The “OPA Digital Q&A” showcases perspectives on key trends in online publishing and media by industry leaders.
In advance of her presentation at OPA’s annual Social Media Day on March 6th, 2012, I took the opportunity to askMelissa Parrish, a senior analyst with Forrester, a few questions about the research she is previewing exclusively at our event. Be sure to follow the event on Twitter with hashtag #OPASMD2012
Can you tell us a little bit about the impetus for the new research Forrester is about to release on influencer marketing?
MP: By the end of 2011, nearly 85% of US marketers were using social media in some way. With this many brands engaging their customers in social media, we wanted to do a deep dive into some of the popular objectives that lead marketers to this channel. Influencer marketing is one of the key ways that brands are able to drive measurable results in a social context, so that’s what led us to explore the topic more deeply.
One of the areas you look at closely in the report is the “social influencer”.How do you define them?
MP: A social influencer, simply put, is someone whose opinions about products or services, posted in a social media context, affect the decision making processes of other consumers.
How does identifying these social influencers affect marketing tactics for brands and publishers?
MP: Identifying influencers is the first step to creating measurable and effective programs. Without that identification step, brands and publishers are left with just a “spray and pray” strategy where they push out content and hope somebody likes it enough to share it. But through identifying people who are influential in various contexts about specific topics, brands and publishers can create smarter, more relevant content and campaigns that acknowledge the particular needs and interests of those influencers. Because the programs speak to the interests and needs of the influencer, that influencer is more likely to talk about it. Because the brand has created a complete strategy around the program—instead of, say, just a funny video that they hope will “go viral”—the marketer will be able to choose the right metrics to track that will show success towards the goal of the overall program.

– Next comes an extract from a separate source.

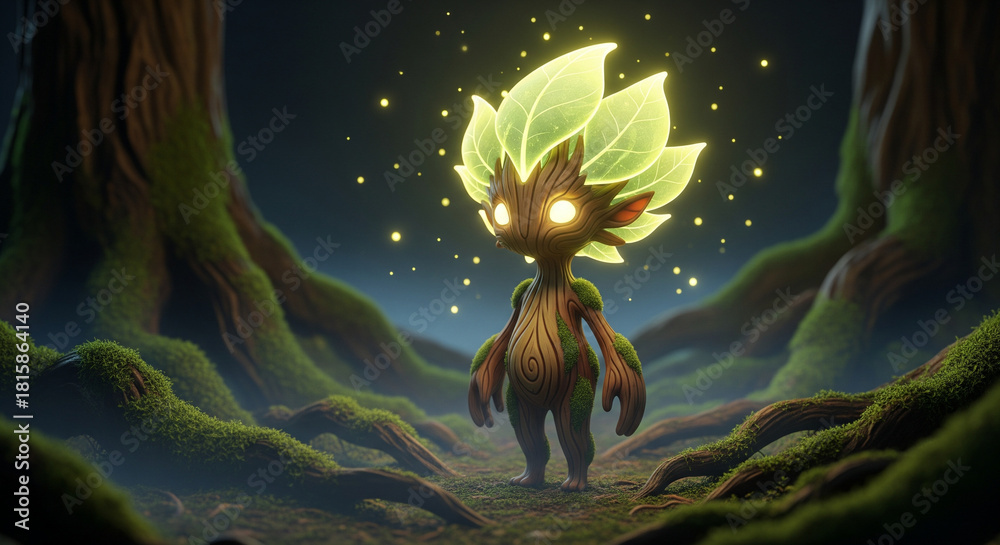 • fantasy creatures resembling tree spirits or "sprites" in a dimly lit forest environment.

Are there specific tools or partners that brands and publishers are relying on to help identify and build relationships with influencers?
MP: There’s a variety of tools and partners that brands and publishers can turn to for help throughout the planning and execution process. Listening vendors like Radian 6 and Sysomos and data providers like Klout, PeerIndex and FlipTop are particularly crucial in identifying influencers and measuring the success of these campaigns.
Has your research revealed any best practices for effective influencer marketing? Can you give us some examples?
MP: The most important best practice is to understand that there are 3 types of influencers:
- “Social Broadcasters”, who are often the internet celebrities that you might think of when you hear the term “influencer”. This also includes journalists, editors, and major bloggers.
- “Potential Influencers”, who are basically the common people in social media. This is you and me and the majority of people reading this post. We have small networks of friends and family who take our opinions very seriously, but we don’t have the kind of huge reach that Social Broadcasters do.
- “Mass Influencers”, who are an undeniably important segment of influencer for any brand or publisher because while they represent 20% of the online population, they create 80% of the influential content.
Effective programs can be created to reach just one of these influencer segments, or you can really take your program to the next level by creating an influencer strategy that speaks to all 3 types of influencer.
Do your findings provide any insight as to the direction Social Media is heading in the near future?
MP: This particular research reinforces the idea that social media will continue to have an impact on more departments than just marketing and communications. Consider the kinds of conversations that influencers may have. Sure, some of it is likely to be about how much they simply like your brand, or about a terrific program that you’re running and want them to talk about. But they’re also probably talking about customer service questions, ideas for your products and content, reactions to your offline campaigns or event experiences, etc. Listening to them and engaging with them smartly has the potential to improve your business not just your content and campaigns.
This post originally ran on the OPA Blog.